Description of the task: In the listing below, the line containing "Hallrummet är praktiskt" marks the end; copy exactly every line from the first through that one.

Information shown:
____

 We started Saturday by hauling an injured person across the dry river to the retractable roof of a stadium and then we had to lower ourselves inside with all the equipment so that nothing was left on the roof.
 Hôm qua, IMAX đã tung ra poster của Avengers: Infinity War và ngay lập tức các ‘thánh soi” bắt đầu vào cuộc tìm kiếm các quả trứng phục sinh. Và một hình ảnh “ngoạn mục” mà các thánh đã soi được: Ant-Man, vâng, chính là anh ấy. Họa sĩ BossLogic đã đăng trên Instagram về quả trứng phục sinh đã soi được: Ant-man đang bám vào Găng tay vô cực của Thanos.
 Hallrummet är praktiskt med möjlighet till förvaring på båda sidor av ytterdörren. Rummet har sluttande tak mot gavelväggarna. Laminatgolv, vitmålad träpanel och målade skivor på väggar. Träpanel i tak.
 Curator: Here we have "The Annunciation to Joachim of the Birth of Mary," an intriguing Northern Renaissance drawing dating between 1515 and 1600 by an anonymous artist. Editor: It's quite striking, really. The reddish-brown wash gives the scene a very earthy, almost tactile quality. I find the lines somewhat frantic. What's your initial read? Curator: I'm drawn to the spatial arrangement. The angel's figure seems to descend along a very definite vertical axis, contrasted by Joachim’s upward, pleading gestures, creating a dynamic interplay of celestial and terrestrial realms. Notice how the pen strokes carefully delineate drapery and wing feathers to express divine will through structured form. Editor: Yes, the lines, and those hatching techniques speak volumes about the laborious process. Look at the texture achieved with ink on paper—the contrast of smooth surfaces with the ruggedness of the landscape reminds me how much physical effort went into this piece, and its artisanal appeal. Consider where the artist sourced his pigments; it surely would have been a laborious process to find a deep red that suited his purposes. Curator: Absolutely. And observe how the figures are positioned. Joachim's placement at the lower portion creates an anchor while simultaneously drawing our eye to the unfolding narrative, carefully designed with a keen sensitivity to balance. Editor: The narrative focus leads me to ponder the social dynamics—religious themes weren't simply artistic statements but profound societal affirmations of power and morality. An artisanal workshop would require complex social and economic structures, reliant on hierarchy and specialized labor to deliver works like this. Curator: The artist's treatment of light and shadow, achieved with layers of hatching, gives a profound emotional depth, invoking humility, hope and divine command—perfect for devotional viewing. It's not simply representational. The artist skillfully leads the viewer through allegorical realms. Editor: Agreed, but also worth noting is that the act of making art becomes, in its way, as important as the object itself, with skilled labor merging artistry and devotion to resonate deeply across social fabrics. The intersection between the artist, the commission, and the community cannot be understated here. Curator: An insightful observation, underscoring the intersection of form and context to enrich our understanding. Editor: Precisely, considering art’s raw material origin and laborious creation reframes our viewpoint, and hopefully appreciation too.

____

Worked solution:
 We started Saturday by hauling an injured person across the dry river to the retractable roof of a stadium and then we had to lower ourselves inside with all the equipment so that nothing was left on the roof.
 Hôm qua, IMAX đã tung ra poster của Avengers: Infinity War và ngay lập tức các ‘thánh soi” bắt đầu vào cuộc tìm kiếm các quả trứng phục sinh. Và một hình ảnh “ngoạn mục” mà các thánh đã soi được: Ant-Man, vâng, chính là anh ấy. Họa sĩ BossLogic đã đăng trên Instagram về quả trứng phục sinh đã soi được: Ant-man đang bám vào Găng tay vô cực của Thanos.
 Hallrummet är praktiskt med möjlighet till förvaring på båda sidor av ytterdörren. Rummet har sluttande tak mot gavelväggarna. Laminatgolv, vitmålad träpanel och målade skivor på väggar. Träpanel i tak.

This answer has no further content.